One breakthrough after another has brought Laser Tracker Calibration to an accurate, economical science. These new developments have so improved the science of Laser Tracker calibration that the level of quality is now entirely compatible with the well tested ANSI-B89.4.1-1997 standard for Coordinate Measuring Machine (CMM ) evaluation. These developments give Laser Tracker Calibration a legal and a traceable foundation, and it can all be done on the shop floor. The calibration can also be done economically. Our Giant Invar® Ball Bar is widely used by the equipment manufacturers for calibrating laser trackers, but it is huge and expensive; and it really isn’t required to do an adequate job of calibration.

In addition to providing a complete calibration device for all laser trackers, this same exact artifact and mounting system will accurately calibrate portable C.M.M.’s, optical scanners, optical probes and the various other devices in current use and still on the drawing boards. This device can also be adapted as a scale bar by calibrating the inter sphere length (refer to N.I.S.T. ). To facilitate the calibration of optical devices, a pair of satin finished titanium balls is available with a high magnetic permeability button installed. These satin finished titanium balls are substituted for the Spherically Mounted Retro-reflector (SMR’s) in the magnetically preloaded three ball kinematic nests mounted on each end of the “New Centerline Ball Bar Ranger”. These satin finished titanium balls are the ideal artifact for calibrating optical systems. Unlike satin finished ceramic, they give a single image. These balls have no spectral reflectivity or hot spots.

The balls are made in the three standard SMR diameters:

Part Number Description Price
SFTB-PERM-.5 One half inch (1/2”, 0.5”, 12.7mm ) diameter \$59.56
SFTB-PERM-.875 Seven eighths inch (7/8”, 0.875”, 22.2 mm ) diameter \$65.85
SFTB-PERM-1.5 One and one half inch (1 ½”, 1.5”, 38.1 mm ) diameter \$457.00

This new approach to Ball Bar technology uses the same age old principle that the distance between the two balls of a Ball Bar will remain “exactly” the same, no matter what the geometric location of the Ball Bar is. With this absolute knowledge, the actual performance of a Laser Tracker can be determined right out in the field.

A standard Ball Bar (Dumbbell ) consists of two very precise balls permanently attached to the ends of a long rigid bar. Using a Standard Ball Bar is not at all practical for use with Laser Trackers. The solution for this difficulty is to use the “New Centerline Ball Bar Ranger”, instead of a conventional Ball Bar. What the “New Centerline Ball Bar Ranger” does is to substitute a magnetically preloaded three ball kinematic nest for each of the two balls. When two SMR’s, are placed in the two magnetically preloaded three ball Kinematic nests, the distance between these two SMR’s, forms the equivalent of a Ball Bar. Ideally the SMR’s used would be one half inch (12.7mm) diameter to limit the weight and to make the device compatible with portable CMM calibration, however seven eighths of an inch (7/8”, 0.875”, 22.2 mm ) diameter and one and one half inch (1½”, 1.5”, 38.1 mm ) diameter versions are also available.
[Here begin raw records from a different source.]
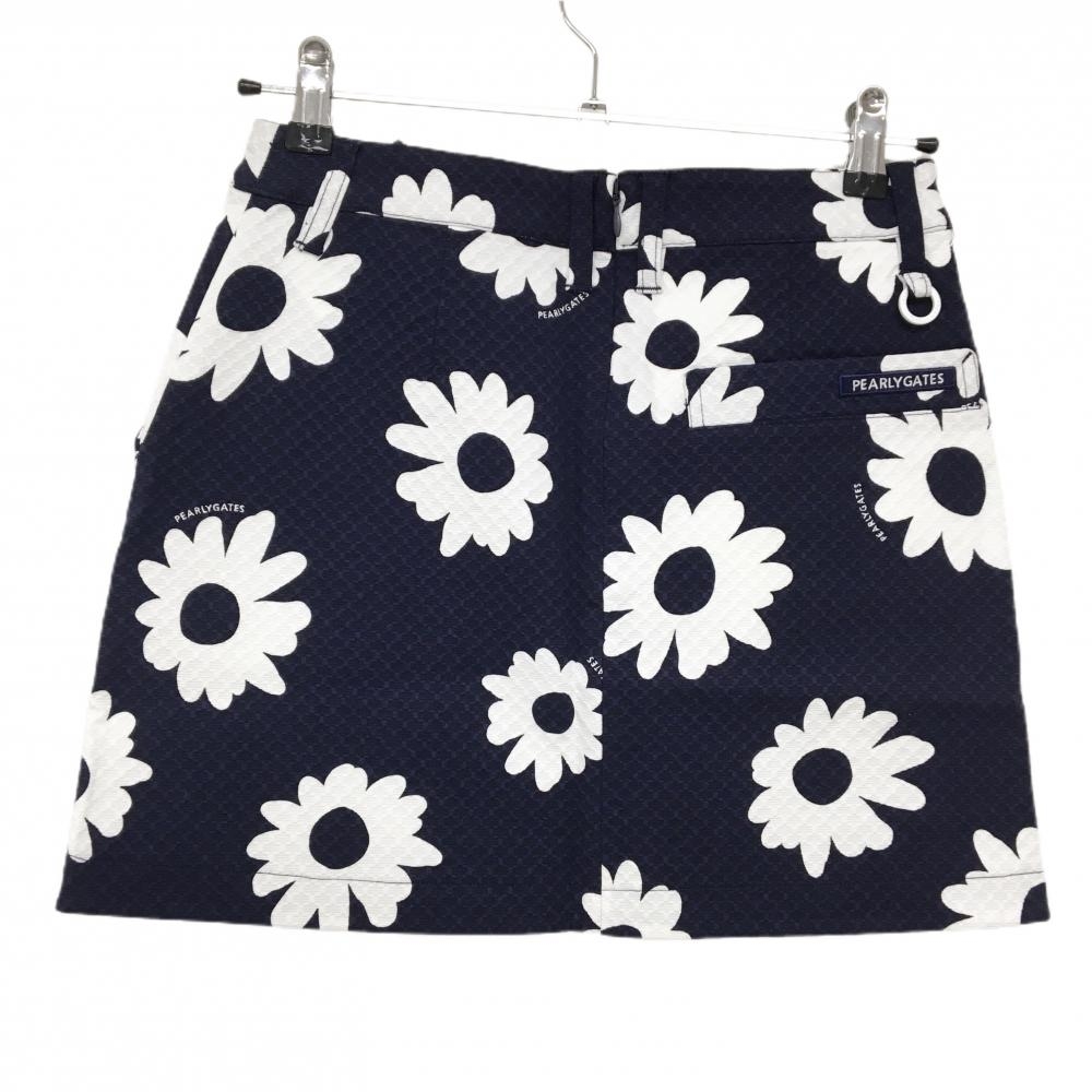 【新品】パーリーゲイツ スカート ネイビー×白 花柄 地模様 ロゴ刺しゅう レディース 0(S) ゴルフウェア PEARLY GATES
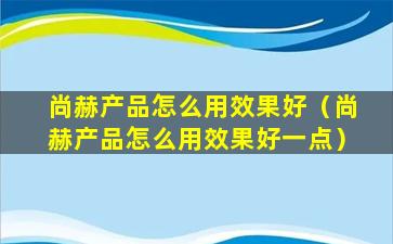 请注意,不同的尚赫产品可能有不同的使用方法和效果,因此上述建议是一般性的。具体产品的使用方法和效果,请参考产品说明或咨询专业人士。
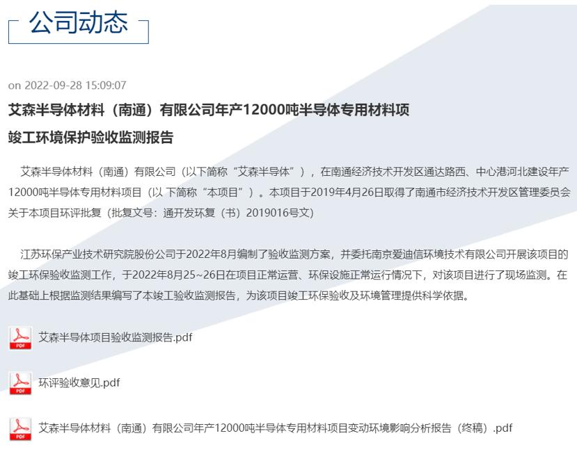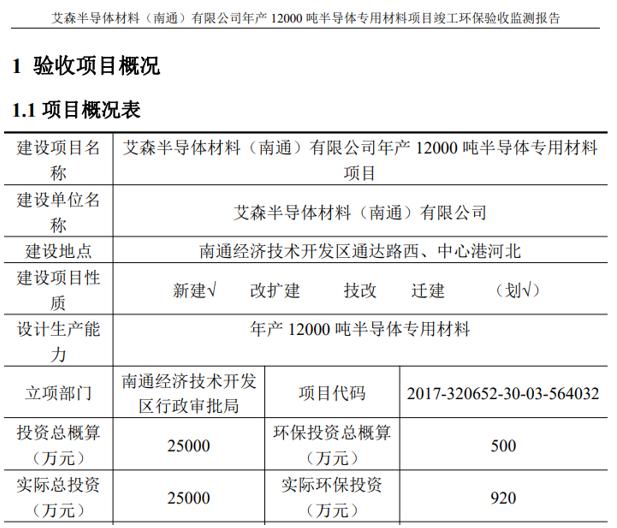 艾森股份本次上市的募投項目主要包括總投資額爲2.5億元的“年產12000噸半導體專用材料項目”,根據艾森股份官網發佈的《項竣工環境保護驗收監測報告》,該項目已於2022年8月驗收通過,實際總投資也同樣爲2.5億元。但是截止到2022年末,該項目的實施主體南通艾森總資產才僅爲1.94億元,即便考慮到累計虧損600萬元,也遠未達到2.5億元的總投資金額。

The “Centerline Ball Bar Ranger” is actually a revision of a fifteen year old product. A very important change from the old version of the Ball Bar Ranger puts the SMR’s right on the neutral bending plane of the Ball Bar. This dramatic improvement reduces the effect of any sag or bending of the bar, to an infinitesimal second order cosine error. If the centerline between the two SMR’s are above or below the neutral bending plane of the bar, any bending error becomes a huge first order error. The further above or below center the SMR’s are placed, the greater the error will be.

In operation, the Laser Tracker is allowed to zero in on the SMR on one end of the “Centerline Ball Bar Ranger”. Next, the Laser tracker is directed to the SMR on the other end of the “Centerline Ball Bar Ranger” and the distance between them is recorded.
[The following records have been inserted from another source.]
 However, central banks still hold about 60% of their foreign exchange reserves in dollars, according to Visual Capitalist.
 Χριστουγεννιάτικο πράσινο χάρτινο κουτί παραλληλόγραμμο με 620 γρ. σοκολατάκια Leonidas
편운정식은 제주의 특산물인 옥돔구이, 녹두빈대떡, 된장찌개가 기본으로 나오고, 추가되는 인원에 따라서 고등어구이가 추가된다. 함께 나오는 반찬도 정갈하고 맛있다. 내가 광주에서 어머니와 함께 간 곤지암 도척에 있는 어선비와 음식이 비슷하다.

An alternative that must be used on older trackers is to zero in on the SMR where it is located in one of the three ball kinematic couples. The SMR is then moved while the laser tracks it to the three ball kinematic couple at the other end of the “Centerline Ball Bar Ranger,” and the distance is recorded. What may not be obvious is the very complex set of variables that the multiple positions of the single dimension of the “Centerline Ball Bar Ranger” presents to the mechanism and the software of the laser tracker.

Next, the “Centerline Ball Bar Ranger” is moved to a new geometric location and the two measurements are repeated (as outlined by the ANSI B89.4.1 specification.). To make a full machine evaluation requires 21 of these positions, but just a few of these measurements will give you a good interim evaluation of your Laser Tracker’s performance.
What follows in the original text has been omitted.